SOURCE DATA:
↓
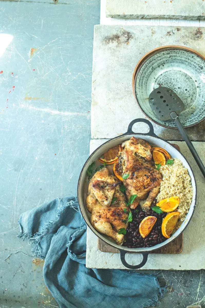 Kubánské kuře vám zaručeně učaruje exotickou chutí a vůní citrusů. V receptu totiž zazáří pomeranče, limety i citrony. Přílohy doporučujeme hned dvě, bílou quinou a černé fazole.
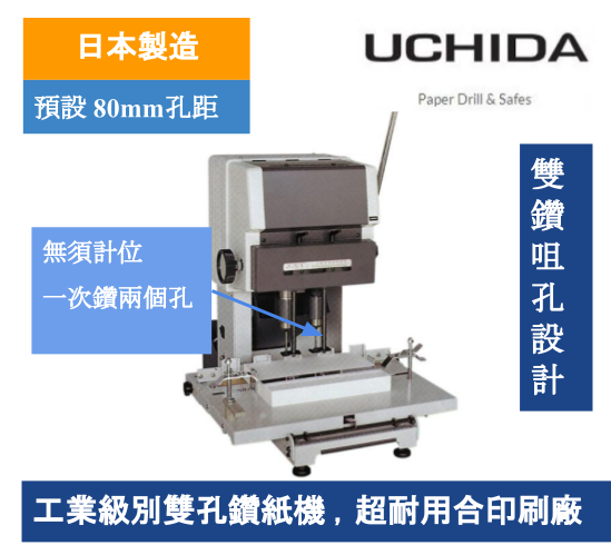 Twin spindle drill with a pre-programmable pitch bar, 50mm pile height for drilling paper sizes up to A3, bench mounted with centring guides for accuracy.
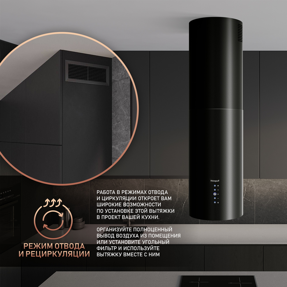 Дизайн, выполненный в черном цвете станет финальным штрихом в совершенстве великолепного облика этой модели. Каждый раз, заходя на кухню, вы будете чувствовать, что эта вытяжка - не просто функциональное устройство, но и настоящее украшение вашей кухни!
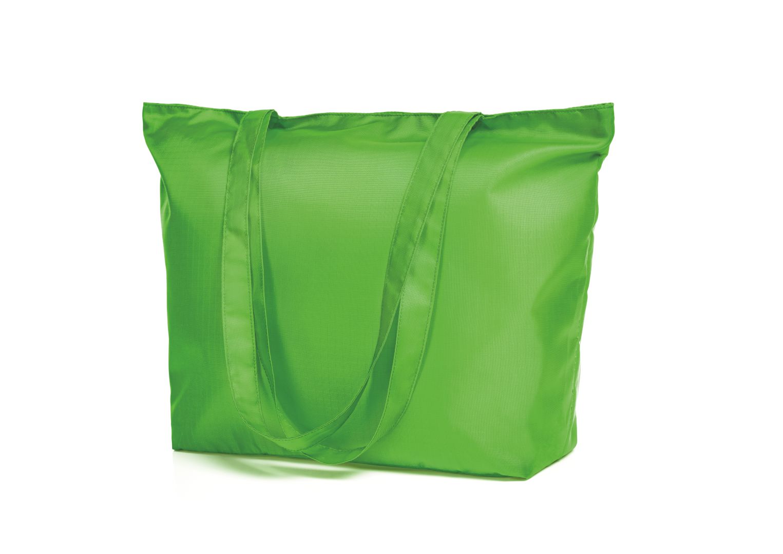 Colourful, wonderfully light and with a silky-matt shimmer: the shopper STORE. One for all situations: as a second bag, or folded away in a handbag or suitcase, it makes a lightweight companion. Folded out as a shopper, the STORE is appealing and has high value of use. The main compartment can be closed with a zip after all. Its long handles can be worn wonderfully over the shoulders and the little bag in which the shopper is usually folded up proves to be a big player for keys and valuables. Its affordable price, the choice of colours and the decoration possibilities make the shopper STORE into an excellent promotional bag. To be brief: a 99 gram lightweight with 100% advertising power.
↑
EXERCISE:
Every line of the data above is to be repeated exactly; the images are to be left out.

ANSWER BELOW:
 Kubánské kuře vám zaručeně učaruje exotickou chutí a vůní citrusů. V receptu totiž zazáří pomeranče, limety i citrony. Přílohy doporučujeme hned dvě, bílou quinou a černé fazole.
 Twin spindle drill with a pre-programmable pitch bar, 50mm pile height for drilling paper sizes up to A3, bench mounted with centring guides for accuracy.
 Дизайн, выполненный в черном цвете станет финальным штрихом в совершенстве великолепного облика этой модели. Каждый раз, заходя на кухню, вы будете чувствовать, что эта вытяжка - не просто функциональное устройство, но и настоящее украшение вашей кухни!
 Colourful, wonderfully light and with a silky-matt shimmer: the shopper STORE. One for all situations: as a second bag, or folded away in a handbag or suitcase, it makes a lightweight companion. Folded out as a shopper, the STORE is appealing and has high value of use. The main compartment can be closed with a zip after all. Its long handles can be worn wonderfully over the shoulders and the little bag in which the shopper is usually folded up proves to be a big player for keys and valuables. Its affordable price, the choice of colours and the decoration possibilities make the shopper STORE into an excellent promotional bag. To be brief: a 99 gram lightweight with 100% advertising power.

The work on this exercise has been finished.